PROBLEM REQUIREMENTS ->
When the listing below reaches the line that has "Dikim yapılacak bölge", start reproducing exactly; stop after the line that has "A BRASS SAMOVAR", and drop the pictures.

Segment Start: EXERCISE INPUT

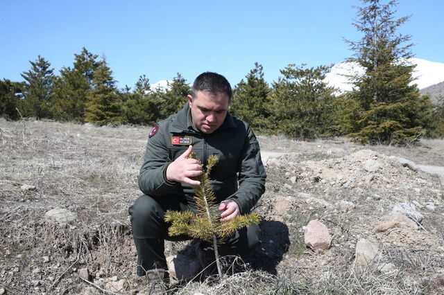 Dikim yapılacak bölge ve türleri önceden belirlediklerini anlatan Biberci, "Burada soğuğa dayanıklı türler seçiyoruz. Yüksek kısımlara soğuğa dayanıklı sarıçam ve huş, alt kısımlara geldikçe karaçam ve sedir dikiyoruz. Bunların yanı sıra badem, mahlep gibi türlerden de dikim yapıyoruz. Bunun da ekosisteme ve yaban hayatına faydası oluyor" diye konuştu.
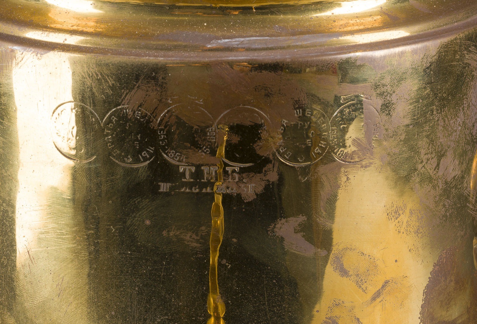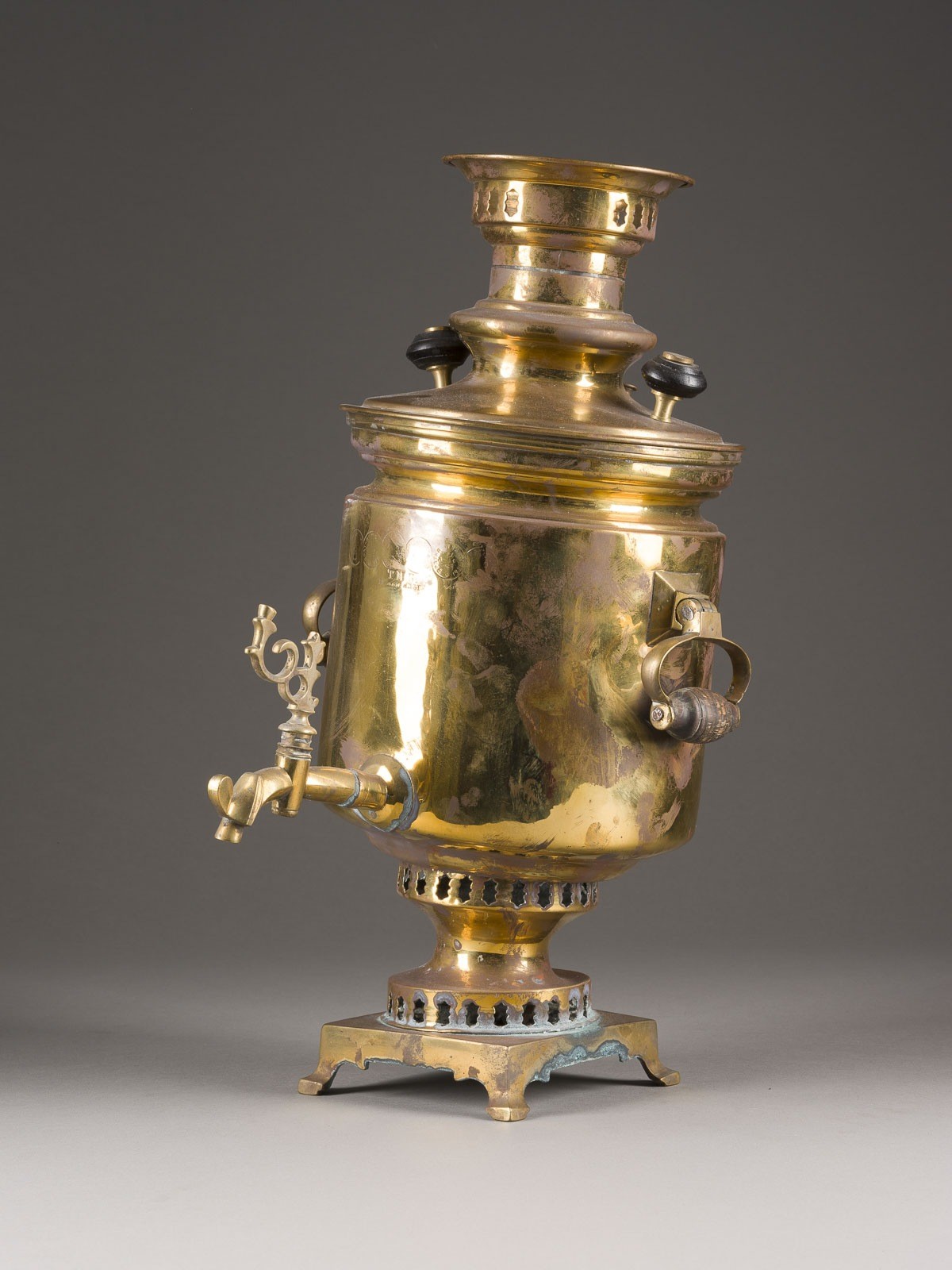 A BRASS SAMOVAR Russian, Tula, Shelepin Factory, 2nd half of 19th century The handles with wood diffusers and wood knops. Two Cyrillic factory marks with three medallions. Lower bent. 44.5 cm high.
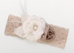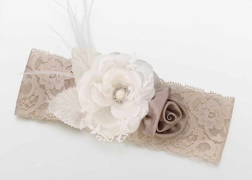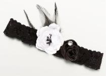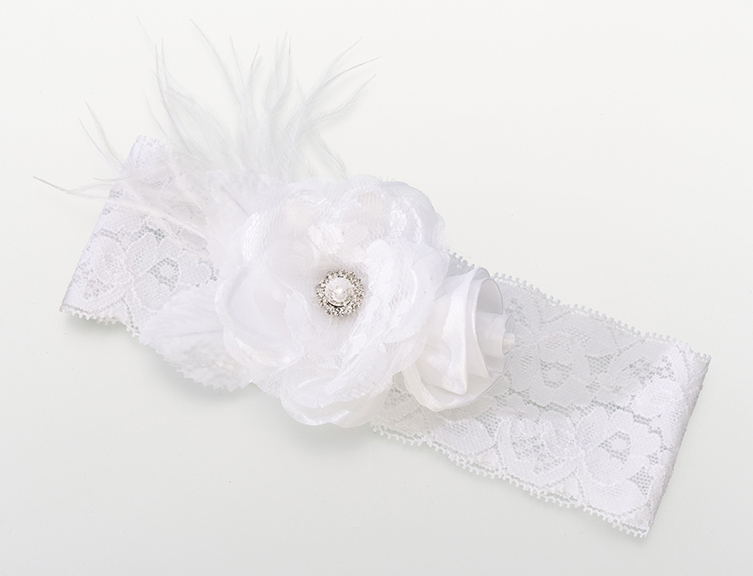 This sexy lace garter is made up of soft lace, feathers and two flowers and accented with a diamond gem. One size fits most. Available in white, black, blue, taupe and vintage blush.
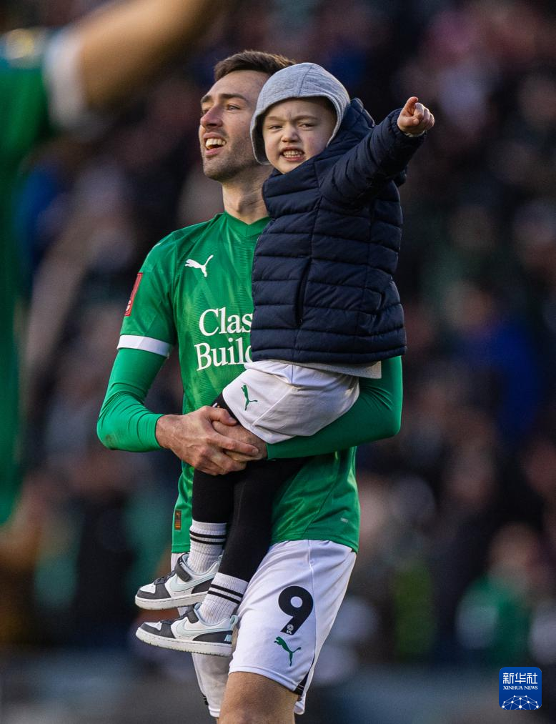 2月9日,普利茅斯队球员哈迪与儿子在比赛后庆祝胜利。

Segment End: EXERCISE INPUT
Segment Start: EXERCISE INPUT

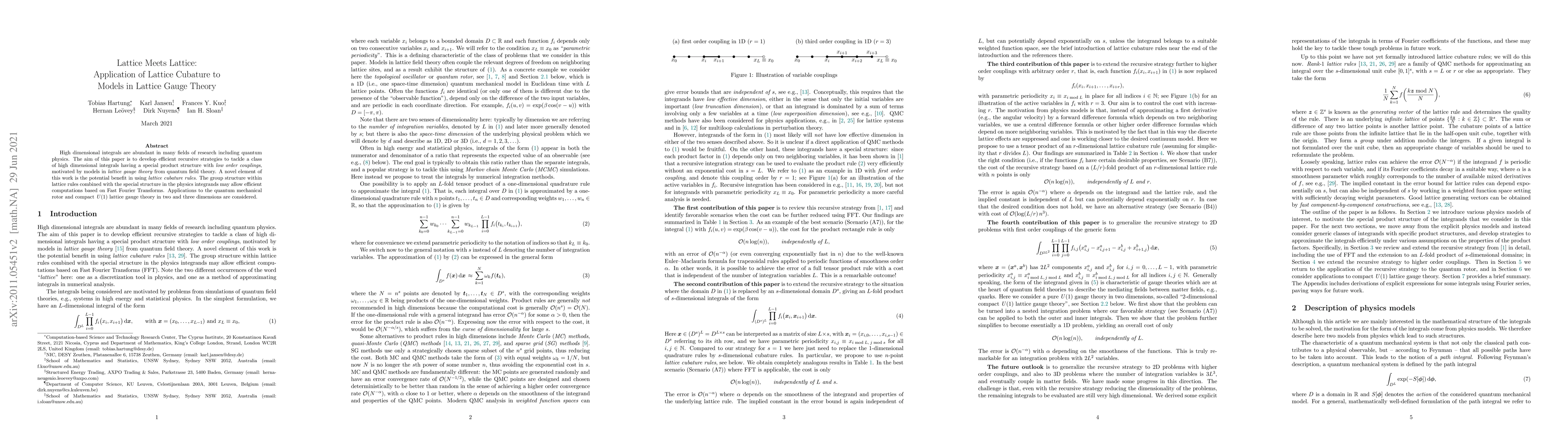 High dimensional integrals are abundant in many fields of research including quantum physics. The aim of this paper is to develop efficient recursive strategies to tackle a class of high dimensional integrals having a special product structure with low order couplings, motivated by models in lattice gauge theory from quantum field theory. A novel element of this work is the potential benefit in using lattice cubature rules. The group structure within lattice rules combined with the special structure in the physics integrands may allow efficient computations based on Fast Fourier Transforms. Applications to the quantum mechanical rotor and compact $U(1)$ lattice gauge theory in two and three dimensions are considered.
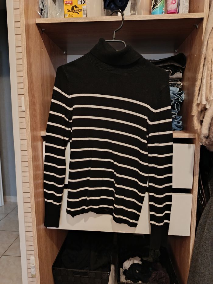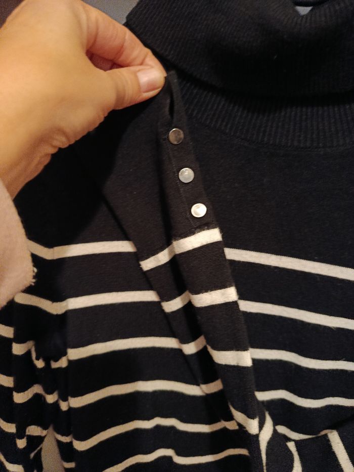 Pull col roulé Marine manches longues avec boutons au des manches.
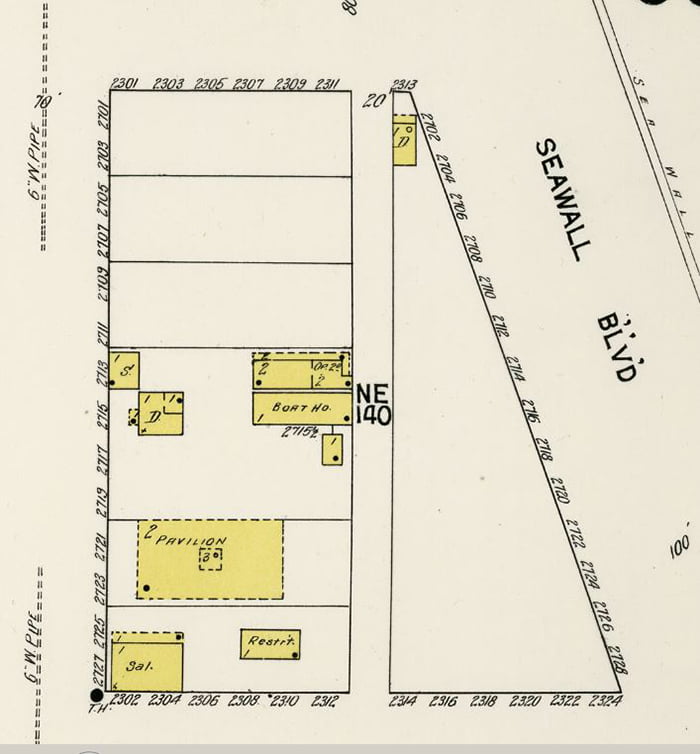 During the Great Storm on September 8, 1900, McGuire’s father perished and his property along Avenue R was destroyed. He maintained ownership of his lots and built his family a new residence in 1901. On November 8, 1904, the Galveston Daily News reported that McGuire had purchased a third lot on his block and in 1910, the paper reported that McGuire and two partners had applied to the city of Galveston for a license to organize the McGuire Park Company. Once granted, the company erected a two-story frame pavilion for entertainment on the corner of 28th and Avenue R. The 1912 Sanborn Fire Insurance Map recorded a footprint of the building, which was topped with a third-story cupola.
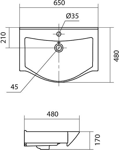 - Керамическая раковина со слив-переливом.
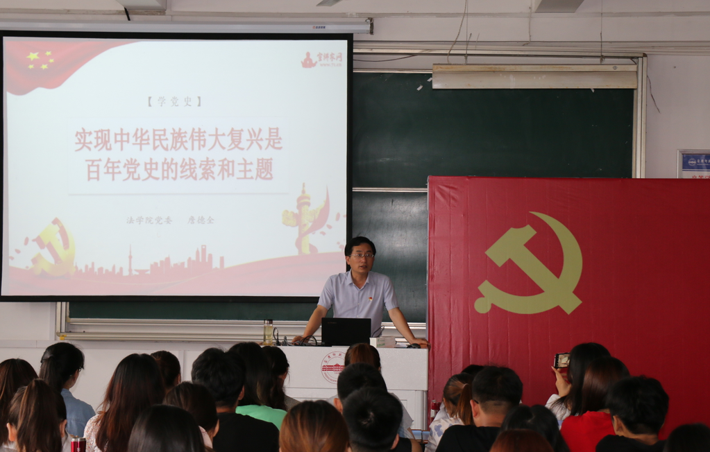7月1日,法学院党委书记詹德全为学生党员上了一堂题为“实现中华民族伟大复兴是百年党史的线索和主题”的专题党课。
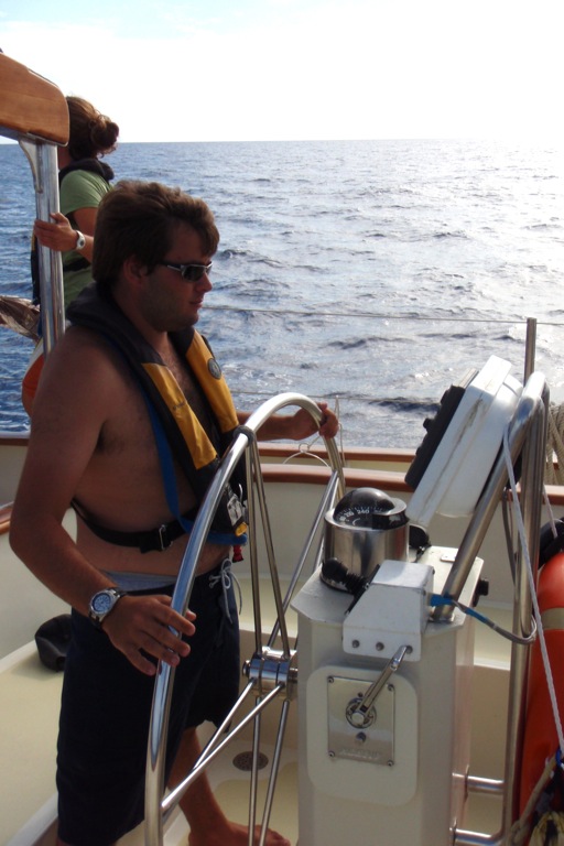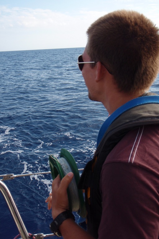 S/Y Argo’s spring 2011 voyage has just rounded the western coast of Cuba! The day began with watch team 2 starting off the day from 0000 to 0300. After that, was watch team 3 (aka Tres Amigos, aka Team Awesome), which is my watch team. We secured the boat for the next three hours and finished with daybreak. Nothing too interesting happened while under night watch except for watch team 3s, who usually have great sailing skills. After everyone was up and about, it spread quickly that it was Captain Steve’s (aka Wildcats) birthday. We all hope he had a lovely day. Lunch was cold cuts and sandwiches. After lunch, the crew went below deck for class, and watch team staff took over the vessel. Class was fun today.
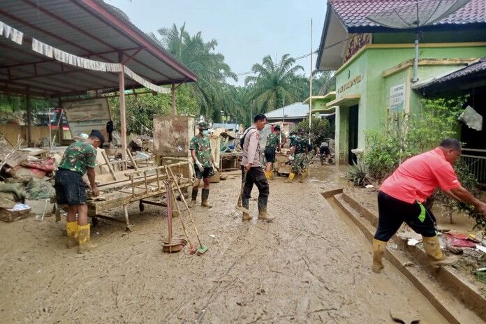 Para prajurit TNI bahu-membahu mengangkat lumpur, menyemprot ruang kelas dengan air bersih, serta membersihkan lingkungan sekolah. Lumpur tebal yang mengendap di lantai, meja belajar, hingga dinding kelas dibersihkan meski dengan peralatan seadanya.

Segment End: EXERCISE INPUT

RESULT OF THIS TASK ->
 Dikim yapılacak bölge ve türleri önceden belirlediklerini anlatan Biberci, "Burada soğuğa dayanıklı türler seçiyoruz. Yüksek kısımlara soğuğa dayanıklı sarıçam ve huş, alt kısımlara geldikçe karaçam ve sedir dikiyoruz. Bunların yanı sıra badem, mahlep gibi türlerden de dikim yapıyoruz. Bunun da ekosisteme ve yaban hayatına faydası oluyor" diye konuştu.
 A BRASS SAMOVAR Russian, Tula, Shelepin Factory, 2nd half of 19th century The handles with wood diffusers and wood knops. Two Cyrillic factory marks with three medallions. Lower bent. 44.5 cm high.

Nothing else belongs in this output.